Work to complete
Once you reach the line containing "Level up your" in the data below, restate each line word for word up to and including the one containing "2校時に西総合支援学校のお友".

Given records
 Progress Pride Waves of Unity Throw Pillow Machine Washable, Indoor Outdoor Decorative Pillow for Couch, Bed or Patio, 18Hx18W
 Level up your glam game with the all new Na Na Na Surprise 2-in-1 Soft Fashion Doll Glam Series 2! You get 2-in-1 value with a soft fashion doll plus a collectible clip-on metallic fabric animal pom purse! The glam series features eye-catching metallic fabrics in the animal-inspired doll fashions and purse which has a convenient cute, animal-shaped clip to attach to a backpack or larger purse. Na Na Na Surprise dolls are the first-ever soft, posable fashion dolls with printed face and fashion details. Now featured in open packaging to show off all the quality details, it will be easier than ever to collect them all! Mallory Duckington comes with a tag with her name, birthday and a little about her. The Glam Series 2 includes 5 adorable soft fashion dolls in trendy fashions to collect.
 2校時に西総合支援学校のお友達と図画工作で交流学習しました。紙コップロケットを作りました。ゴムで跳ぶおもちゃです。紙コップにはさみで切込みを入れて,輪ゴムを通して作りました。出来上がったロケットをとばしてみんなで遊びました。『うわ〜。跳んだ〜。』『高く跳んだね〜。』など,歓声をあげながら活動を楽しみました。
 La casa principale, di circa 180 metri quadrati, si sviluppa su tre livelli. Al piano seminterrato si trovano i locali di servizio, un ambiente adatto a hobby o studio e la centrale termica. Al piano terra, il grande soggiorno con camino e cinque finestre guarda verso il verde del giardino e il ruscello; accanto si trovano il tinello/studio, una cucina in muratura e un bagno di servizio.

--

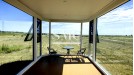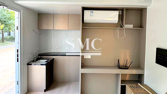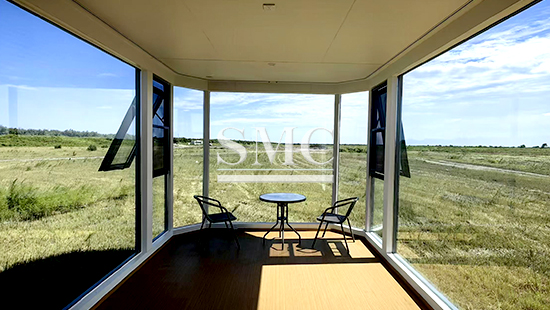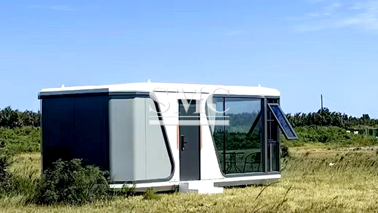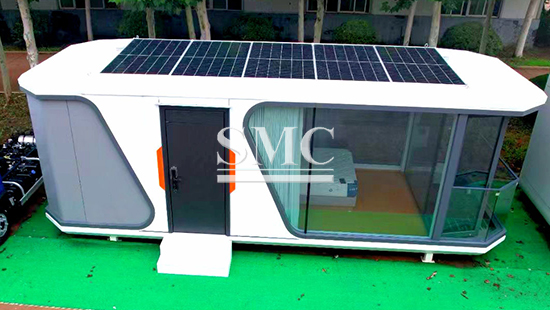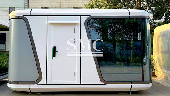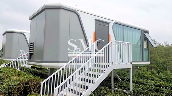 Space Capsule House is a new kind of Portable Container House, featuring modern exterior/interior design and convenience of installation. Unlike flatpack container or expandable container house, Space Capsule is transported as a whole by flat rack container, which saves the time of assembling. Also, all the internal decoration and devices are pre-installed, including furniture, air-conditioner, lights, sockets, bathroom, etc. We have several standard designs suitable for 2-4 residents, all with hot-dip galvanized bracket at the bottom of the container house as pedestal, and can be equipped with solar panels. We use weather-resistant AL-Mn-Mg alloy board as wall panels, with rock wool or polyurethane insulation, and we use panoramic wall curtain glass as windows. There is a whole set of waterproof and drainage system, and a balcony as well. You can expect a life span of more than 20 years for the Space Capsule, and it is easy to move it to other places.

--

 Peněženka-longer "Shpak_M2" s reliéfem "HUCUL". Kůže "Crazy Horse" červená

Problem solution
 Level up your glam game with the all new Na Na Na Surprise 2-in-1 Soft Fashion Doll Glam Series 2! You get 2-in-1 value with a soft fashion doll plus a collectible clip-on metallic fabric animal pom purse! The glam series features eye-catching metallic fabrics in the animal-inspired doll fashions and purse which has a convenient cute, animal-shaped clip to attach to a backpack or larger purse. Na Na Na Surprise dolls are the first-ever soft, posable fashion dolls with printed face and fashion details. Now featured in open packaging to show off all the quality details, it will be easier than ever to collect them all! Mallory Duckington comes with a tag with her name, birthday and a little about her. The Glam Series 2 includes 5 adorable soft fashion dolls in trendy fashions to collect.
 2校時に西総合支援学校のお友達と図画工作で交流学習しました。紙コップロケットを作りました。ゴムで跳ぶおもちゃです。紙コップにはさみで切込みを入れて,輪ゴムを通して作りました。出来上がったロケットをとばしてみんなで遊びました。『うわ〜。跳んだ〜。』『高く跳んだね〜。』など,歓声をあげながら活動を楽しみました。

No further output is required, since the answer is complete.